**What you should do**
When writing out the entries below, keep only the lines from the line with "Airsoft BBs 0.12" to the line with "ナバホパールに、シルバービーズ、ターコイズビーズ、コーラルビーズ", both included, exactly as they are, and leave the pictures aside.

**Data listing**
══════════

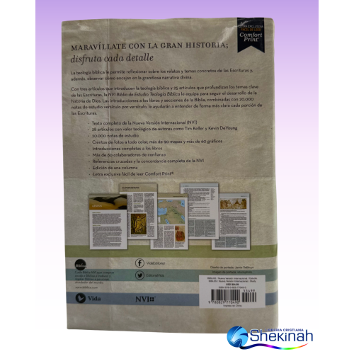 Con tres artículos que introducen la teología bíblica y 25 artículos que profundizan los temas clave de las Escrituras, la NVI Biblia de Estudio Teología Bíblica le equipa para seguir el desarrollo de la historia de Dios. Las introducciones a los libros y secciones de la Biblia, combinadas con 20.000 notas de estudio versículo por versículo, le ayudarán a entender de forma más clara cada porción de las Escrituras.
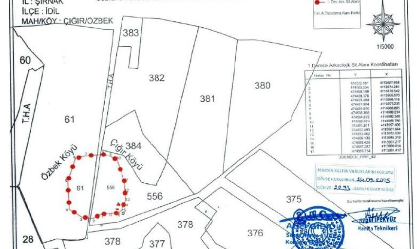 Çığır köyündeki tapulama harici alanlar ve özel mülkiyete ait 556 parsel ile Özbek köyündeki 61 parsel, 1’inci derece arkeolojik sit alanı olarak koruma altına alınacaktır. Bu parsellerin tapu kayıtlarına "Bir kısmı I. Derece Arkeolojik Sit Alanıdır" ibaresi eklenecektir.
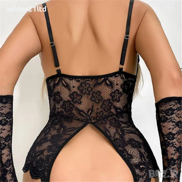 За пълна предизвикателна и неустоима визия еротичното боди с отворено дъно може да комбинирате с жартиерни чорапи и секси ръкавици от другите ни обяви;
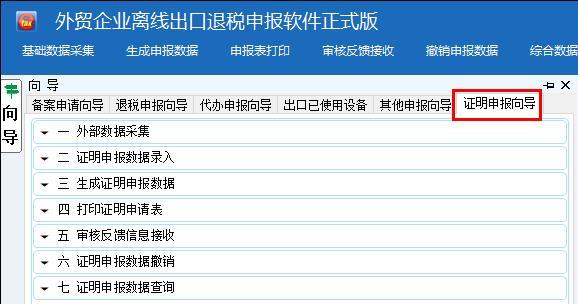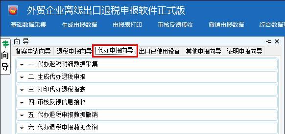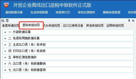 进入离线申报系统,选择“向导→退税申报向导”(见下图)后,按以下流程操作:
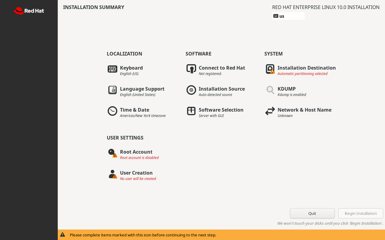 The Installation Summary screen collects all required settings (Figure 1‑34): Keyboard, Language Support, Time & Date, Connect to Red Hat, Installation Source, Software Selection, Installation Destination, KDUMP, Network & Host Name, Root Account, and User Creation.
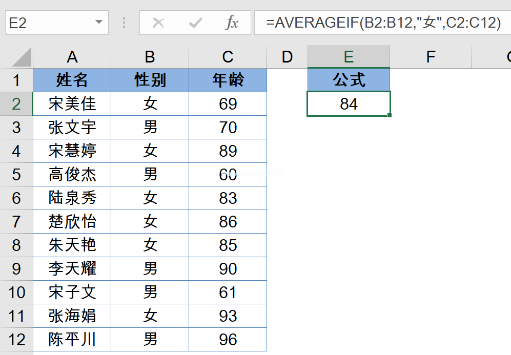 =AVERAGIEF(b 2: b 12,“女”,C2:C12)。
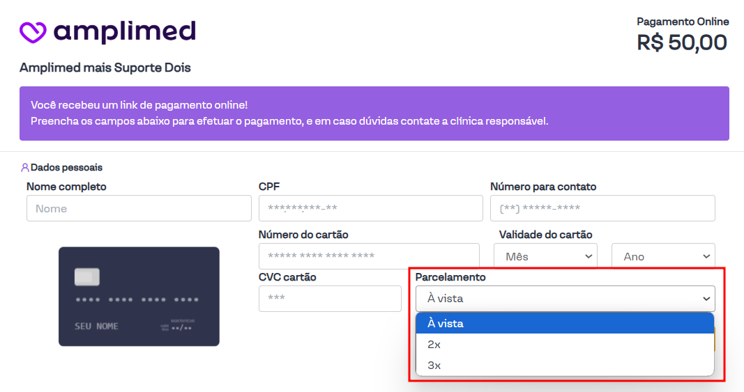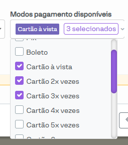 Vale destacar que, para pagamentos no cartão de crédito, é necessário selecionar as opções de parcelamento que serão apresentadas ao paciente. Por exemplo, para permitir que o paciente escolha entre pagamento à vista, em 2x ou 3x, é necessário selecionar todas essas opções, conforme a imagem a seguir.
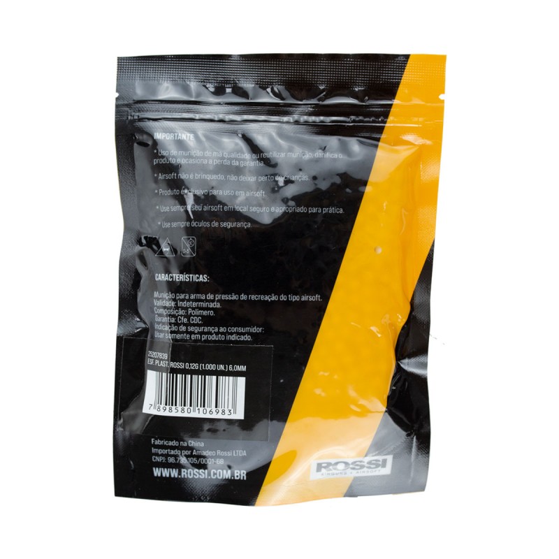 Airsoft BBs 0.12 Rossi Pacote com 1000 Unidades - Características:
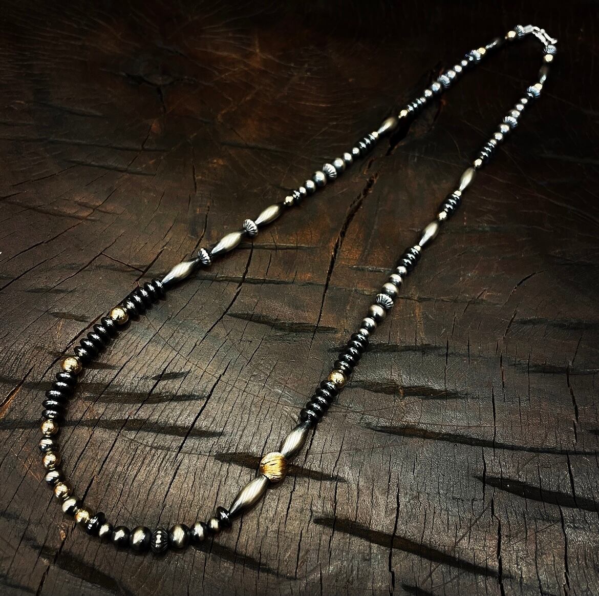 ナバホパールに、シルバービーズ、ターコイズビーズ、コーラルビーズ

══════════

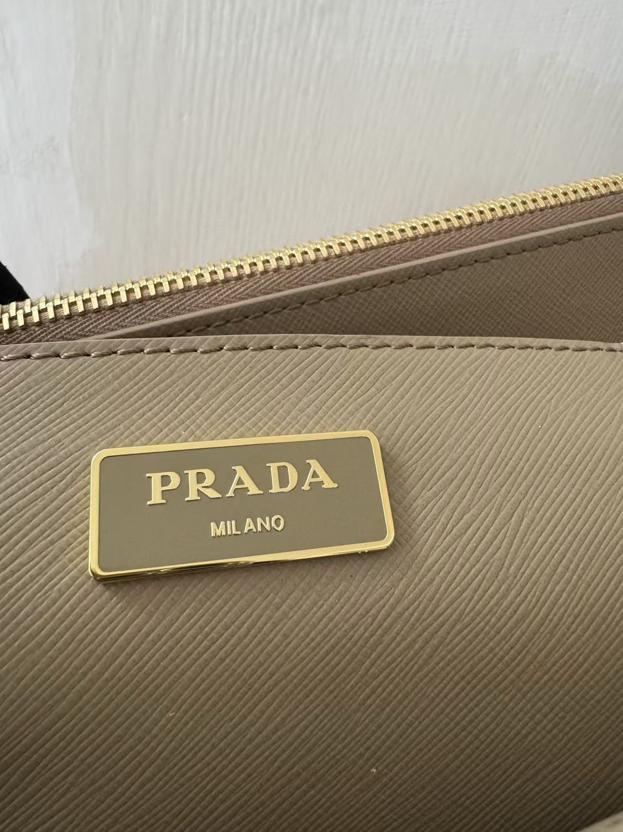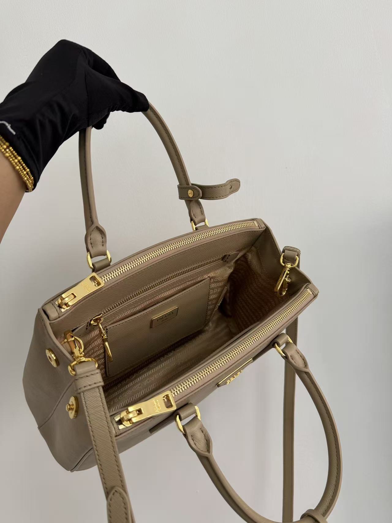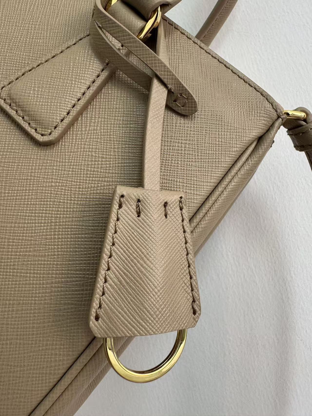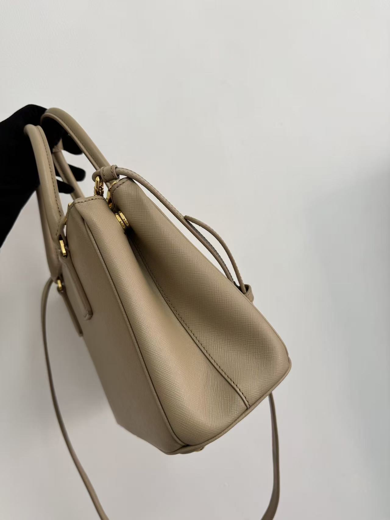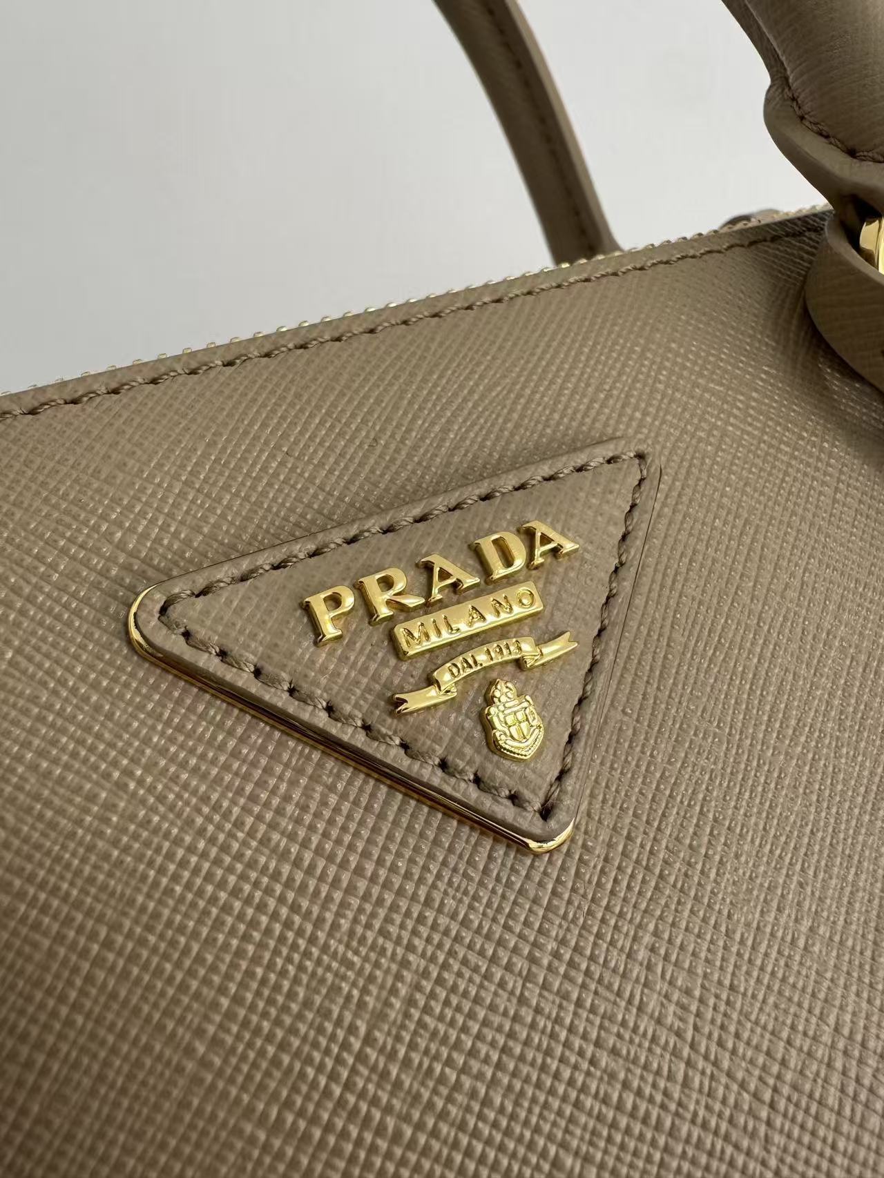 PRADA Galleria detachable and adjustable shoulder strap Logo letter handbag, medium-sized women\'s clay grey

══════════

**Response to the exercise**
 Airsoft BBs 0.12 Rossi Pacote com 1000 Unidades - Características:
 ナバホパールに、シルバービーズ、ターコイズビーズ、コーラルビーズ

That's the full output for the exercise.